This is what analytical chemists do when presented with any analysis problem: find a way to separate the material of interest from the background and then use an appropriate detector to measure the material.
Separation
Separating the chips from the vaccine is almost trivial, albeit tedious. The sample is placed in a centrifuge and spun. This will push the chips into the base of the tubes and the liquid is poured off. The chips will remain embedded in the bottom of the tube.
If the experimenter finds it convenient, the tube can be reloaded with another sample and spun again. This would collect two batches of chips in the tube. This could be repeated a number of times, populating the bottom of the tube with as many chips as desired.
Now, this likely would make it necessary to design a sample tube, particularly for this purpose. The inside bottom needs to be flat and the outside bottom needs to fit the centrifuge, which is likely to be round. The bottom should also detach from the cylindrical wall of the tube. But any competent machinist can design and fabricate it — it only requires a bottom that can be unscrewed from the tube. Simple.
As for the lab equipment — Amazon lists multiple centrifuges advertised to produce 5000-6000G for roughly 300-400 dollars. God only knows what a full-fledged scientific supply house could provide. 5000G must certainly be plenty. I shudder to think what a real laboratory-grade device could produce.

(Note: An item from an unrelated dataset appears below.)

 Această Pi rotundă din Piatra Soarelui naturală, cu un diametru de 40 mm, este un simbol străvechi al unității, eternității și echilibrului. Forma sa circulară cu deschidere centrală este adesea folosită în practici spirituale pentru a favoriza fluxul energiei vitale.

As for the vaccine samples themselves — I can’t imagine this would be hard. When the vaccines were first released, the early batches didn’t get to pharmacies before they were nearly expired. Some early batches were discarded. Ah, well, so it goes. At any rate, each vial had five doses, which means a minimum of five chips. Five or ten vials yield 25-50 chips. Surely one chip out of 25 or 50 could be found.
Analysis
The next step is to use a scanning electron microscope (SEM) to view the tube. Unscrew the bottom of the sample tube, mount it in the microscope, and look for the chips.

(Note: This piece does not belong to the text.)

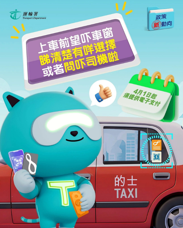 由4月1日起,香港的士司機必須向乘客提供至少兩種電子支付方式,包括二維碼(如支付寶、微信支付、BoC Pay等)和非二維碼(如八達通、信用卡或轉數快等)方便乘客付款。的士業議會3月9日舉辦「的士司機提供電子繳費媒介啟動禮」,香港特區政府運輸署助理署長馮惠筠指,全港三分一的士,包括所有的士車隊已安裝一體式收款機,能支援多種付款方式,業界有信心4月可全面提供電子支付。

SEMs are expensive, and SEM operators are rare. Baseline SEM models will provide a resolution down to 10nm. High-end models will approach 1nm.
Transmission electron microscopes will do better than SEMs, but, so what? It will turn out that 10nm is more than sufficient to limit the chips to a size that makes them incompetent.

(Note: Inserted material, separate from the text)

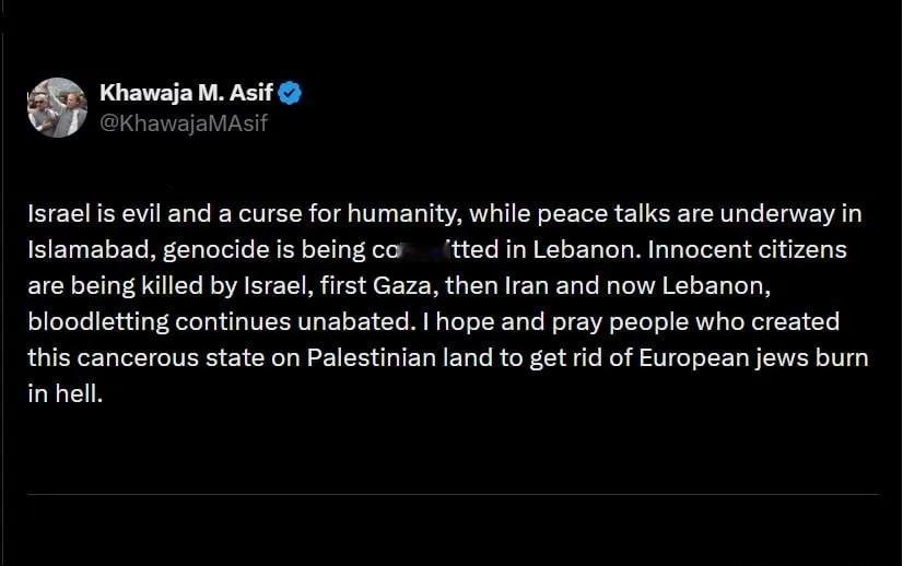 巴基斯坦防长哈尔贾.阿西天今天(4月10)怒怼以色列:“以色列是人类的邪恶与诅咒。当伊斯兰堡正在举行和平谈判时,黎巴嫩却在发生种族灭绝。以色列在杀害平民:先是加沙,然后是伊朗,现在是黎巴嫩,这场流血冲突从未停止。我希望并祈祷,那些为了摆脱欧洲犹太人而在巴勒斯坦土地上建立的这个癌症般国家的人,在地狱中燃烧。”

Access to SEMs is a bit difficult. But in a worst-case scenario, it should be easy to set up some sort of GoFundMe project to collect enough money to buy an SEM and hire some experienced analysts for weekend work at premium pay.
In principle, it would only require four samples. A blank, a spike, the sample, and a spiked sample. The blank is what it sounds like — uncontaminated water is handled just like the sample. The blank is done to show that the experiment won’t produce false positives. The spike is water plus some deliberately added nanoparticles; this shows that the experiment can detect particles if they are there. The sample is the vaccine, of course, and the results of that experiment show whether the chips are there. The spiked sample, in this case, is not strictly necessary, but in the interest of good form, it might as well be done. The spiked sample shows whether there are subtle interactions between the sample and the nanoparticles; the results should be consistent with the other experiments. About the only way the spiked sample experiment would matter is if the result was that the nanoparticles disappeared.
It’s easier to buy nanoparticles (for the spikes) than I guessed, though it’s hard to get amounts of less than 20g or so. That amounts to a nearly infinite supply compared to what would be needed.
The analysis, to sum up, might be expensive but nothing is challenging about it. I will warn you that attempting to get an analytical lab to do this on contract is likely to fail — such a small number of samples are needed that hardly any of them will want to take on the project.